Герой К. Чорного — крестьянин, человек из глуби­ны жизни и белорусской истории, и если он несет в себе «идею», то самую прадедовскую, земную, обычную, но тем более упорную и сильную.Такая «идея» никак не «случайна», а рождена всеми условиями жизни этого человека: Леопольда Гушки или Михала Творицкого, Невады или Петра Тодоровича.

Петр Тодорович (рассказ «Семнадцать лет») — сол­дат первой мировой войны, белорусский крестьянин, которого какая-то непонятная ему сила загнала в окопы, чтобы убить. Крестьянин в шинели спасается от этого, как только может, надеется на случай или бога и на самого себя. И ему посчастливилось больше, чем его товарищам. Тодорович спасает раненого офицера, а за это получает от него бумажку на несколько де­сятин земли и право не быть убитым на войне — «бе­лый билет». Человек как только может бросается прочь от войны, чтобы только не слышать и не видеть ее.

Однажды слух его снова уловил грохот войны, фронт приближался. «Но сначала он не поверил. Не может быть! Война осталась далеко, он на веки вечные избавился от нее. Пусть там кто хочет себе, тот и воюет, кого хотят, того пусть гонят на смерть,— что теперь ему, Петру Тодоровичу! Ему посчастливилось, и он отгородился от всего света!»

Но как ни спасался человек, как ни бежал от обще­го горя, оно все же настигает его. От войны спрятаться не удалось. Подаренная ему земля осталась «под нем­цем». Но это только укрепило в нем уверенность, что все против него и только он один за себя. «Горе сбли­жает людей, это факт. Но тут человеком овладела одна идея. И все другое пошло ей в жертву. Это была жажда пережить, перегоревать эти дни и еще сделать то, за что можно будет ухватиться, когда теперешнее горе пройдет».

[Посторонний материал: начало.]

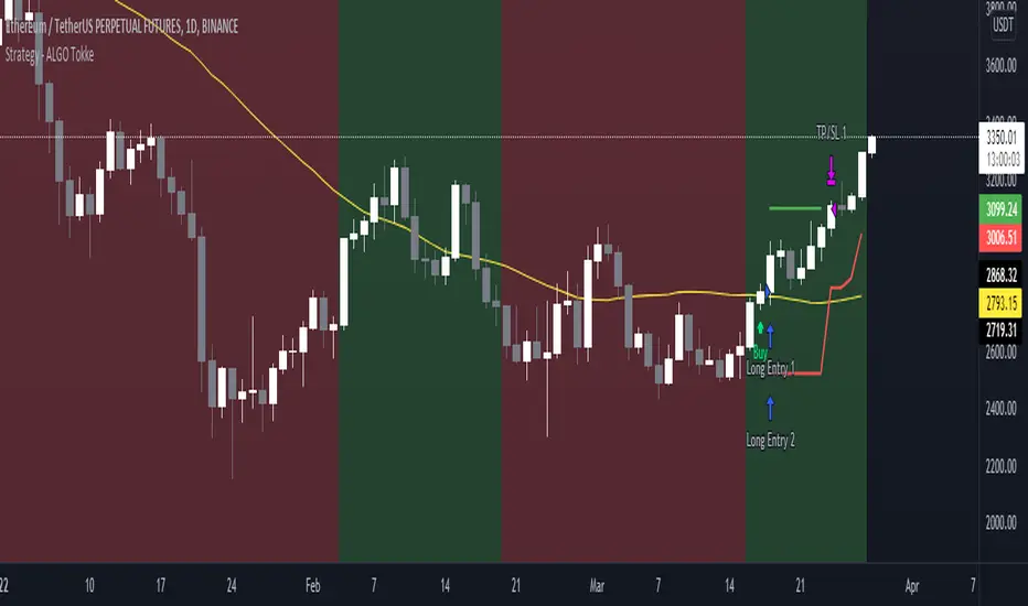 This strategy shows you the entry and exit signal with a standard 1.5 x ATR for Stop Loss and 2 x ATR for Taking Profit. You can adjust the settings to your needs.

Рассказывая сыну о своей солдатчине, о фронте, о том, как вынес он из окопа раненого полковника, Тодорович говорит: «Я лучше голодный посижу, а ко­пейки не истрачу. Если нет работы, я стану, протяну руку и у людей попрошу, лишь бы мне каждый день хоть крошку кто-нибудь добавил к тому, что в брючном поясе зашито. Потому что придет время, после войны, когда спокойно можно будет вернуться домой. Там пять десятин земли, своей собственной (бумага за па­зухой) ждет».

Писатель показывает человека, который весь захва­чен «идеей», и изображает его с симпатией. Вот так рассказывает он и о Леопольде Гушке. И совсем ина­че — о Фартушенко или Хурсе, так как их «идея» не просто ошибочная, а хищническая: она направлена против интересов трудового человека, народа.

«Идеи» в романах Достоевского перекрещиваются и горят, как мечи на поле битвы, побеждают аргумен­тами и страстью (спор Ивана и Алеши Карамазовых о боге или споры с «нигилистами» в «Идиоте» и «Бесах»). Достоевский, видимо, охотно привлек бы на помощь своим любимцам Алеше Карамазову или кня­зю Мышкину историю, если бы она могла послужить аргументом. Но в тех столкновениях, битвах идей, что кипят в его романах, история не могла еще сказать своего заключительного, «под занавес», слова: все перевернулось, укладываться только начинало.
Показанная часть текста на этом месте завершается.